- Born: Ahmad ibn Muhammad ibn ʿAbd Rabbih 860 Cordova, Al-Andalus (modern-day Spain)
- Died: 940 Cordova, Al-Andalus (modern-day Spain)
- Occupations: Writer, poet
- Writing career
- Language: Arabic
- Genres: Adab (literature and culture)
- Notable work: Al-ʿIqd al-Farīd

= Ibn Abd Rabbih =

Andalusian-Arab writer and poet

Ahmad ibn Muhammad ibn ʿAbd Rabbih (ابن عبد ربه; 860–940) was an Arab writer and poet widely known as the author of al-ʿIqd al-Farīd (The Unique Necklace).

==Biography==

He was born in Cordova, now in Spain, and descended from a freed slave of Hisham I, the second Spanish Umayyad emir. He enjoyed a great reputation for learning and eloquence.

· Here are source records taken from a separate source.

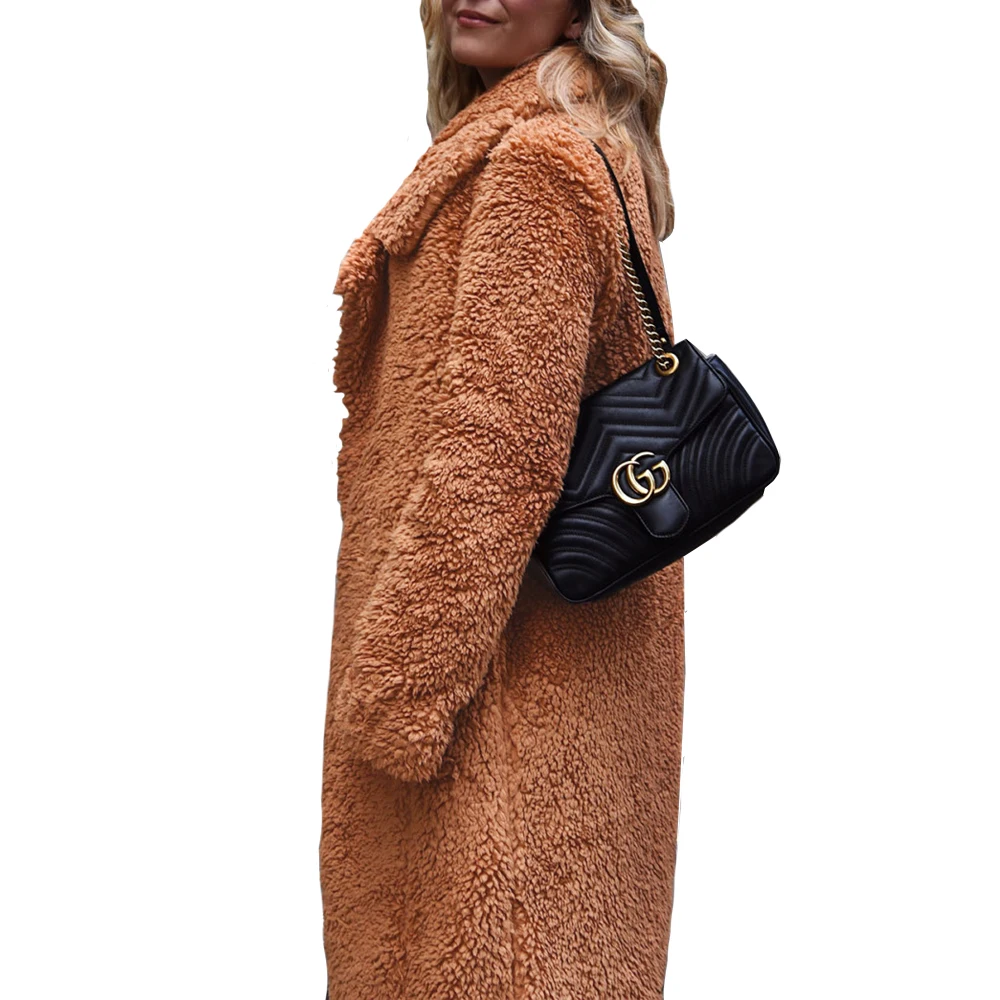 Пальто женское из искусственного меха, осенне-зимнее, теплое, длинное
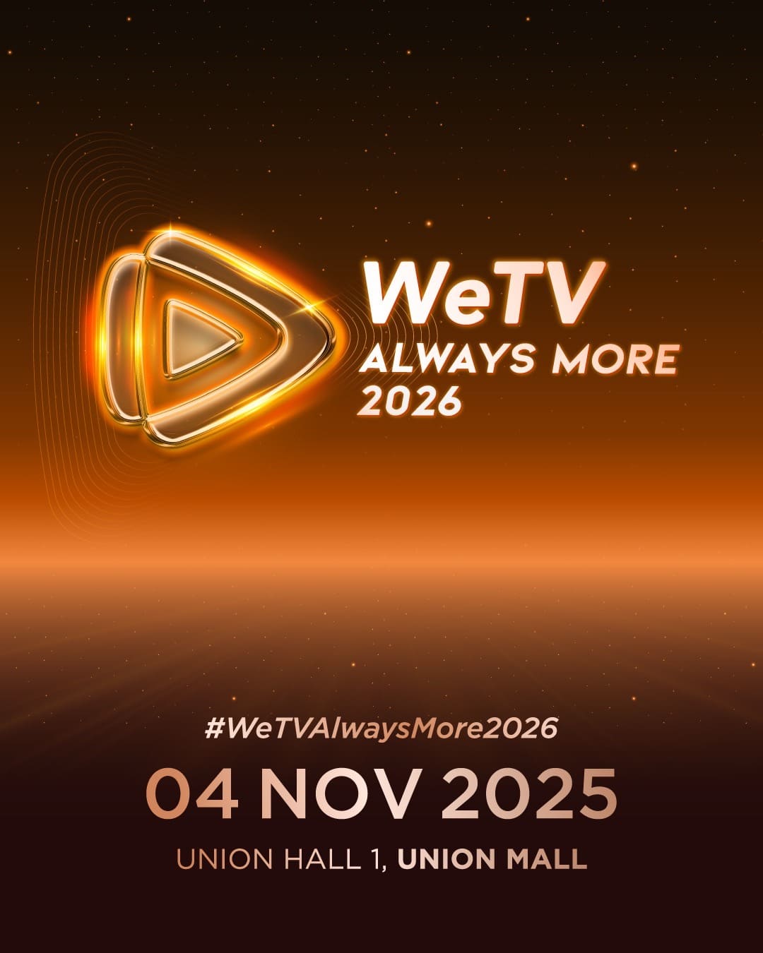 เตรียมเสียงกรี๊ดไว้ให้พร้อม! เพราะ WeTV ประกาศจัดงานยิ่งใหญ่ส่งท้ายปี “WeTV Always More 2026” งานเปิดไลน์อัพคอนเทนต์แห่งปี ที่จะจัดขึ้นในวันที่ 4 พฤศจิกายน 2568 ณ Union Hall 1, Union Mall งานนี้ขนทัพศิลปินและนักแสดงสุดฮอตมากกว่า 50 ชีวิตมาให้แฟนๆ ได้ฟินจุใจ!
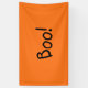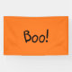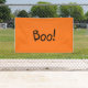 Boo schwarz und orange lustige niedliche handgeschriebene Typografie Halloween Dekorationsbanner, Zeichen. Schwarzer Text, solider orangefarbener Hintergrund.
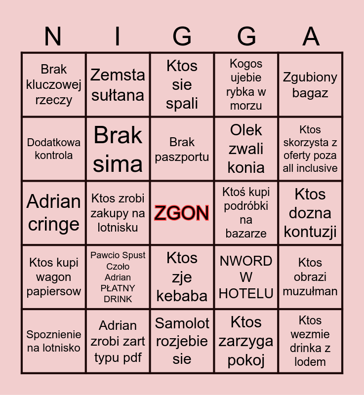 This bingo card has a free space and 24 words: Pawcio Spust Czoło Adrian PŁATNY DRINK, Adrian zrobi zart typu pdf, Brak paszportu, Spoznienie na lotnisko, Zgubiony bagaz, Brak kluczowej rzeczy, Dodatkowa kontrola, Zemsta sułtana, Ktoś kupi podróbki na bazarze, Ktos zje kebaba, Olek zwali konia, Adrian cringe, NWORD W HOTELU, Ktos obrazi muzułman, Brak sima, Ktos zarzyga pokoj, Ktos dozna kontuzji, Ktos sie spali, Ktos skorzysta z oferty poza all inclusive, Ktos zrobi zakupy na lotnisku, Ktos wezmie drinka z lodem, Ktos kupi wagon papiersow, Kogos ujebie rybka w morzu and Samolot rozjebie sie.
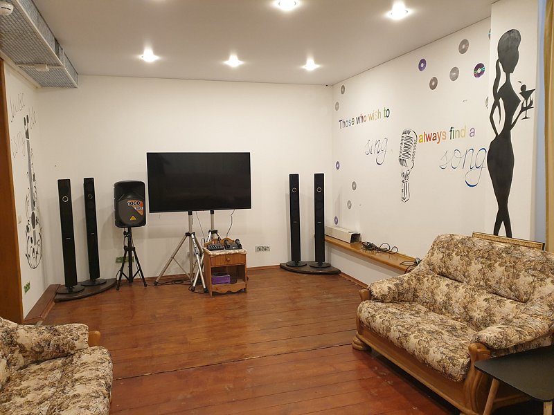 - Раскладной диван, журнальный столик, шкаф, туалетный столик, спутниковое ТВ, DVD
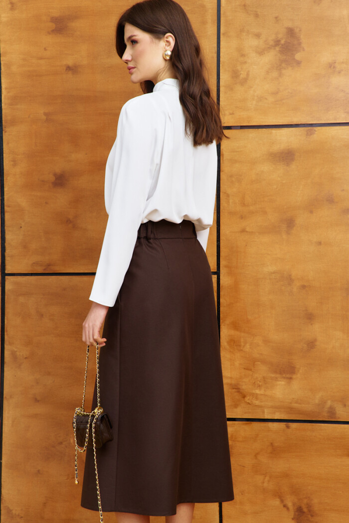 Юбка выполнена из костюмного полотна. Модель полуприлегающего силуэта с комфортной высокой посадкой по линии талии, на притачном поясе со шлёвками и эластичной лентой внутри по спинке. На переде с одной стороны заложена глубокая складка и предусмотрены функциональные карманы в боковых швах. Для удобства в носке предусмотрена в среднем шве спинки застёжка на потайную тесьму "молнию". Длина по боковому шву (с поясом) 85 см.
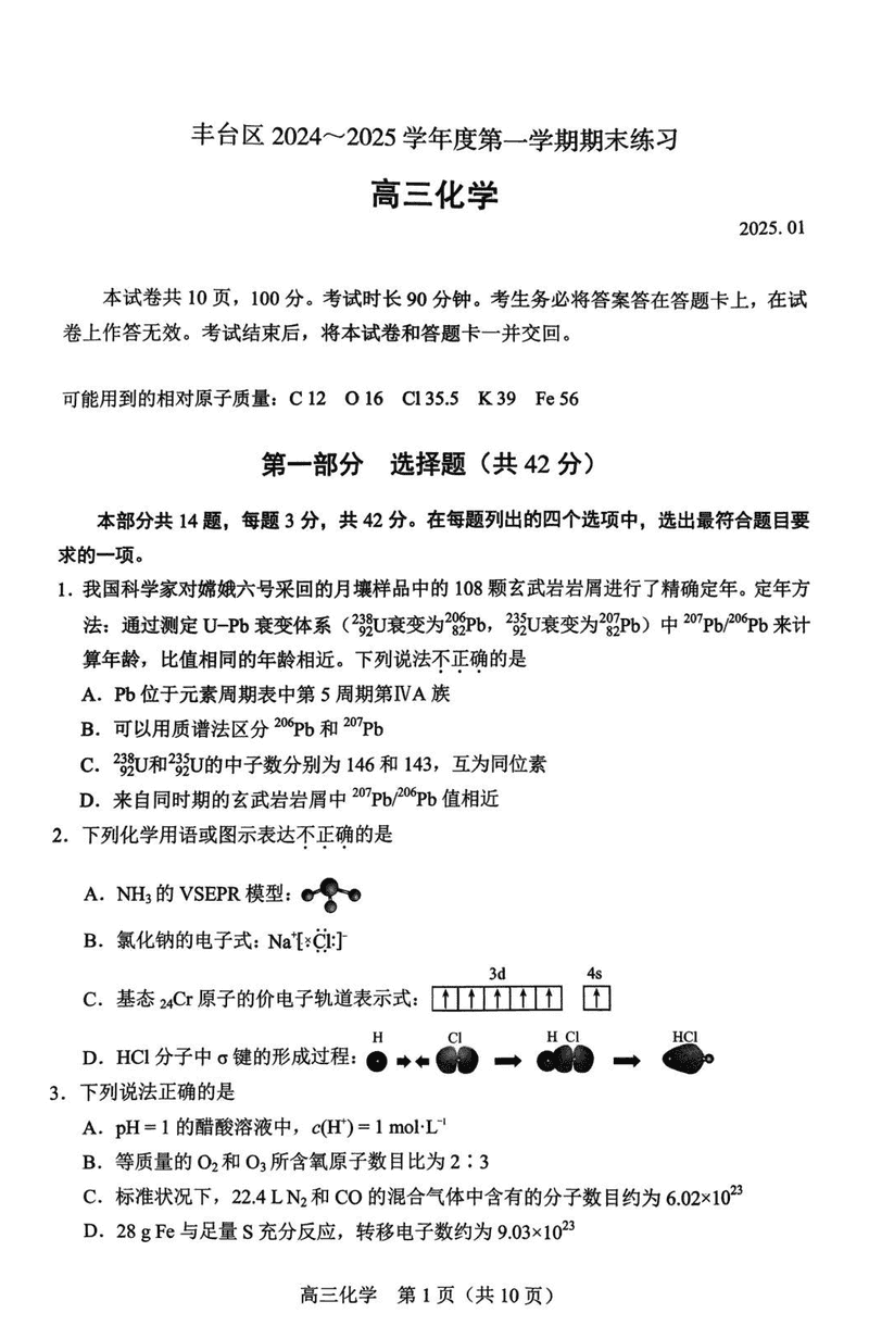 北京市丰台区2024-2025学年高三上学期期末化学试题及答案
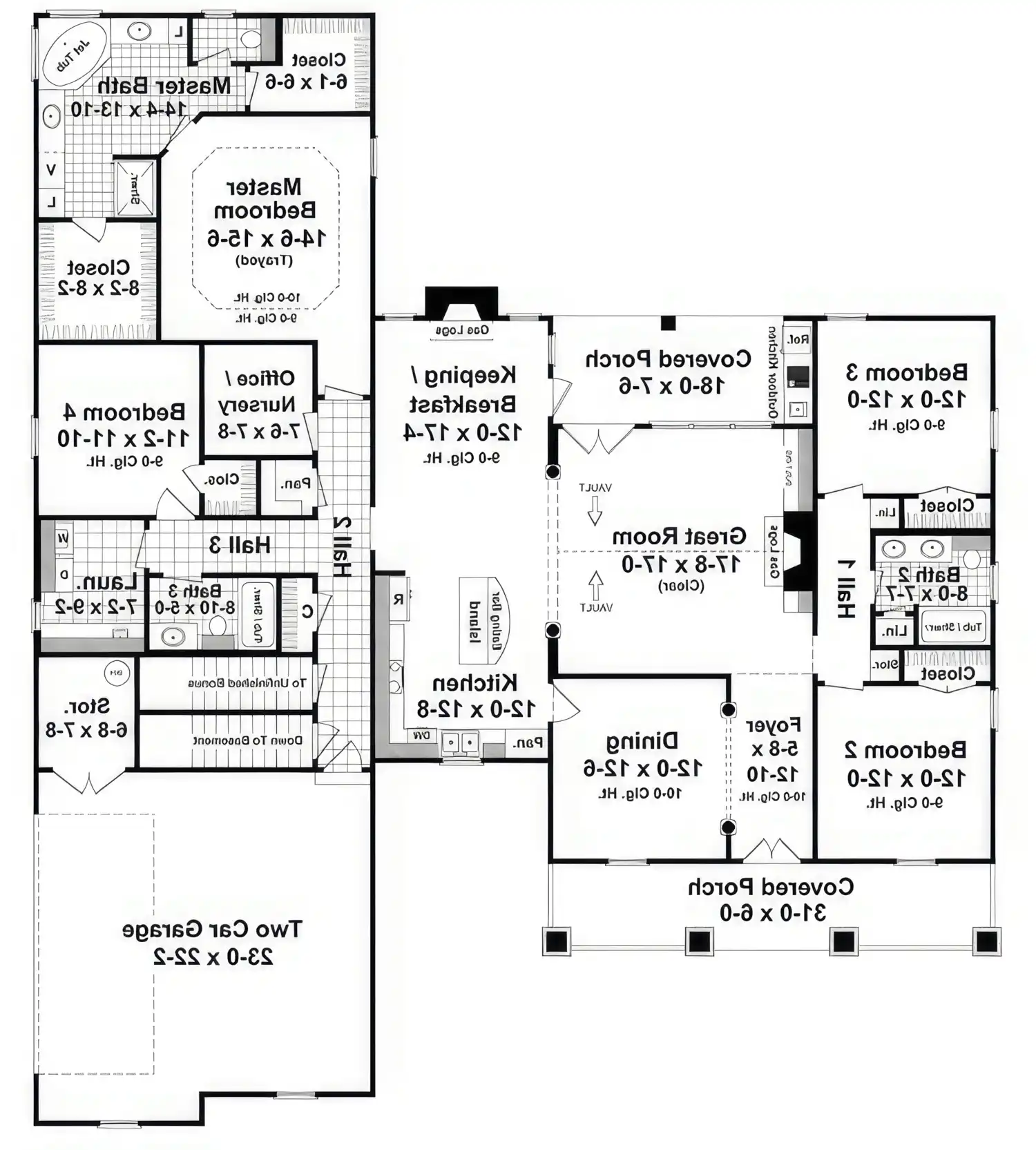 This charming 4-bedroom design offers timeless curb appeal and an interior made for everyday comfort. The front porch delivers a warm Southern welcome, while a covered rear porch provides the ideal setting for outdoor dining or relaxing. Inside, the vaulted great room with fireplace forms the heart of the home and flows easily into the kitchen and breakfast nook. A large center island, walk-in pantry, and generous cabinet space support both family routines and hosting. The split-bedroom layout places the master suite in its own private corner, featuring dual walk-in closets and a spa-inspired bath with a jet tub, separate shower, and double vanities. A nearby office or nursery adds convenience for work or family needs. Upstairs, the optional bonus room allows for future expansion, and the walk-in laundry room and two-car garage help keep the home organized and functional.
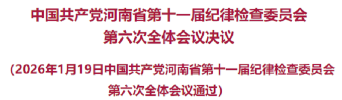 中国共产党河南省第十一届纪律检查委员会第六次全体会议,于2026年1月19日在郑州举行。出席全会的有省纪委委员45人,列席280人。
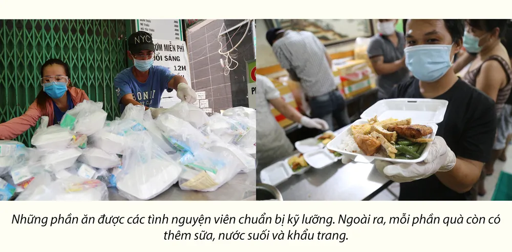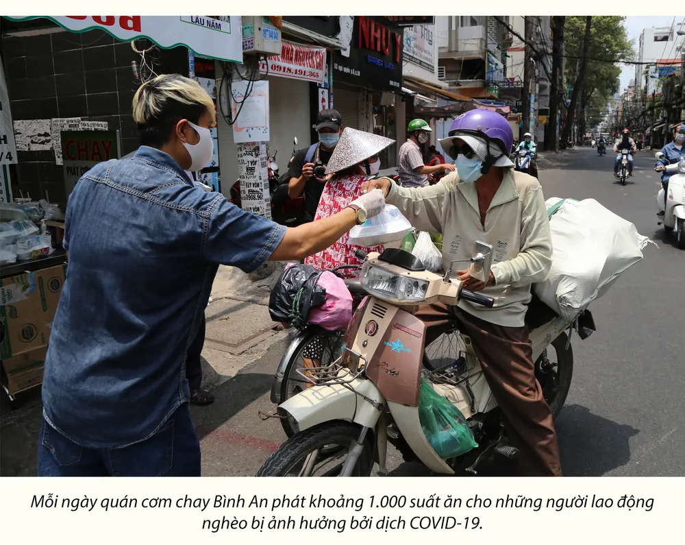 Loay hoay phân chia cơm chay thành từng bịch nhỏ, bà Đoàn Thị Ánh Tuyết (75 tuổi, ngụ quận 10) chia sẻ: “Ý tưởng thực hiện quán cơm là từ khi Chính phủ có lệnh ngưng hoạt động với người bán vé số trong vòng 15 ngày. 15 ngày đó, những anh bán vé số, những người lao động ở lòng lề đường lấy gì họ ăn? Ai giúp họ trong lúc cơ nhỡ này? Vì thế, tôi cùng nhiều người sống gần đây đến quán cơm Bình An để hỗ trợ, giúp chuyển những phần quà đến tay người đang cần”.
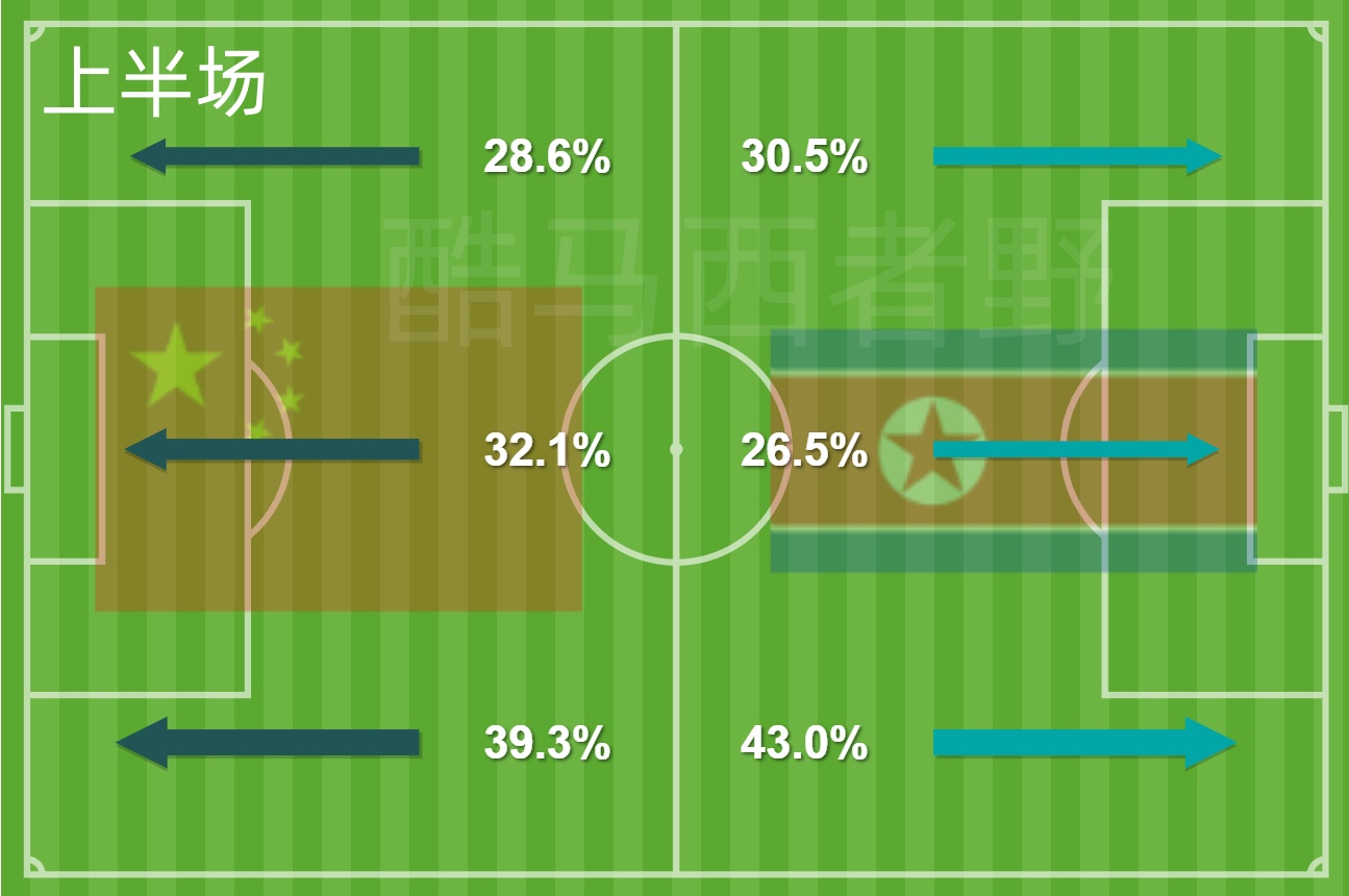 这是昨天我们和朝鲜女足上下半场在进攻三区的状态图,从图中可以看出来我们中国女足进攻的重心始终是在右路的,也就是乌日古木拉和张程雪这一边,所以赛后有些球迷说乌日古木拉踢得不好,这是不公正的,昨天我们中国女足之所以能够战胜对手,最重要的原因就是所有的球员都完成了自己赛前部署的任务和职责,乌日古木拉对于朝鲜女足这边进攻和防守的压制作用很大
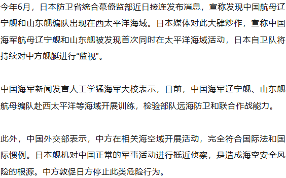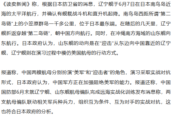 据日本《读卖新闻》18日报道,中国海军辽宁舰、山东舰航母编队6月赴西太平洋等海域开展训练,多名日本政府消息人士透露,日本政府分析认为,中国双航母编队进行的是迎击美国航母的实战对抗演习,扮演美国航母角色的辽宁舰在演习中模仿美航母行动方式,山东舰进行“迎击”。
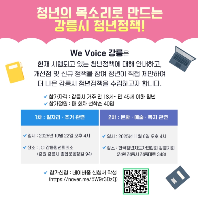 참여대상은 강릉시에 거주하는 만 18세~45세 이하 청년으로, 관심 있는 청년은 QR코드를 통해 오는 21일까지 신청할 수 있다.
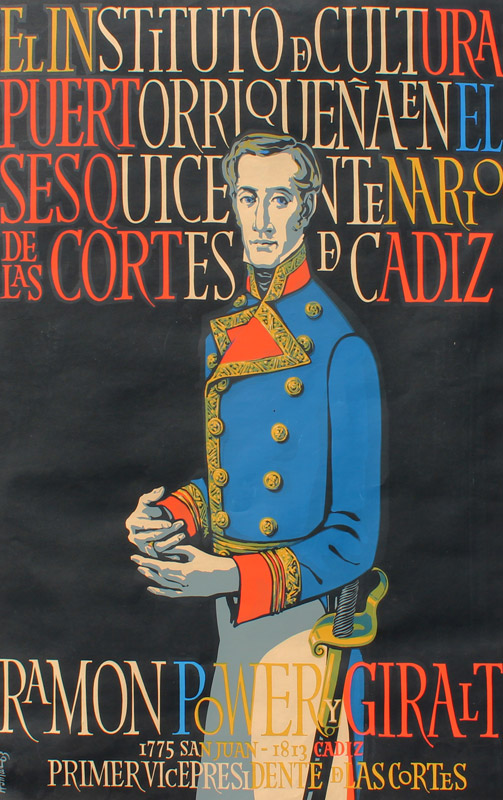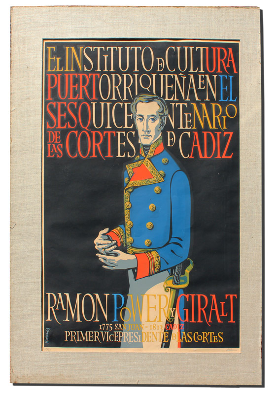 HOMAR, Lorenzo, (Puerto Rican, 1913-2004): ''Ramon Power y Giralt'', Three-Quarter Length Portrait in Military Uniform, Silkscreen, 29 1/4'' x 19 5/8'', pencil signed lower right, #'d lower left 5/30, signed in the plate, printed in 1963, affixed to fabric mat, 35'' x 24''.
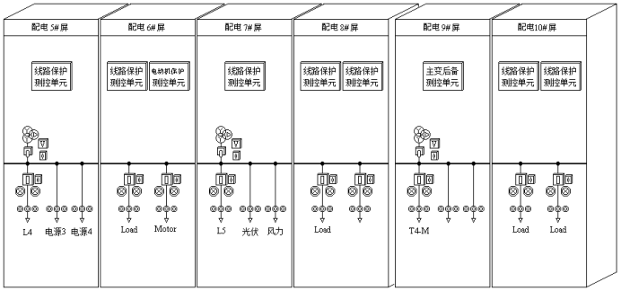 (6)配电站6#屏柜:配1个DCAP -5000线路保护测控箱(兼有中低压线路阶段电流保护及断路器测控功能)、1个DCAP-5010电动机保护测控箱(兼有电动机保护及断路器测控功能)。

Not much is known about his life. According to Isabel Toral-Niehoff,

He came from a local family whose members had been clients (mawālī) of the Umayyads since the emir Hishām I (788–796). His teachers were Mālikī fuqahāʼ and
muḥaddithūn who had travelled to the East in search of knowledge: Baqī b. Makhlad (816–889), Muḥammad b. Waḍḍāḥ (815–899), and a scholar named Muḥammad b. ʻAbd al-Salām al-Khushanī (833–899), who is said to have introduced much poetry, akhbār and adab from the Islamic East to Andalusia. Ibn ʻAbd Rabbih himself is said to have never left the Peninsula. In spite of his education as faqīh, he became more a man of letters than a jurist, and functioned as a court poet since the start of the emir ʻAbdallāh’s (888–912) reign. He reached the apogee of his career at the court of caliph ʻAbd al-Raḥmān III (912–961).

==Works==

Ibn ʿAbd Rabbih was a friend of many Umayyad princes and was employed as an official panegyrist at the Umayyad court. No complete collection of his poems is extant, but many selections are given in the Yatima al-Dahr and Nafh al-Tip.

More widely known than his poetry is his great anthology, the al-ʿIqd al-Farīd (The Unique Necklace), a work divided into 25 sections. The 13th section is named the middle jewel of the necklace, and the chapters on either side are named after other jewels. It is an adab book resembling Ibn Qutaybah's `Uyun al-akhbar (The Fountains of Story) and the writings of al-Jahiz from which it borrows largely. Although he spent all his life in al-Andalus and did not travel to the East like some other Andalusian scholars, most of his book's material is drawn from the East Islamic world. Also, Ibn Abd Rabbih quoted no Andalusian compositions other than his own. He included in his book his 445-line Urjuza, a poem in the meter of the rajaz in which he narrates the warlike exploits of Abd al-Rahman al-Nasir, along with some of his eulogies of the Umayyads of al-Andalus.

==Books==
Ibn Abd Rabbih’s book, Al-Iqd Al-Fareed, is one of the best known of such literary selections. The title means, The Unique Necklace. Ibn Abd Rabbih’s conception of his book is that it is a necklace made of 25 fine jewels, 12 pairs and a larger middle one. Under each one of these jewels he includes poetry, proverbs, anecdotes, fine prose, etc. speaking about the same topic. Yet the two topics of a pair of jewels need not have anything in common. Thus the first pearl speaks about government and governors, while the second pearl is devoted to anecdotes and funny incidents.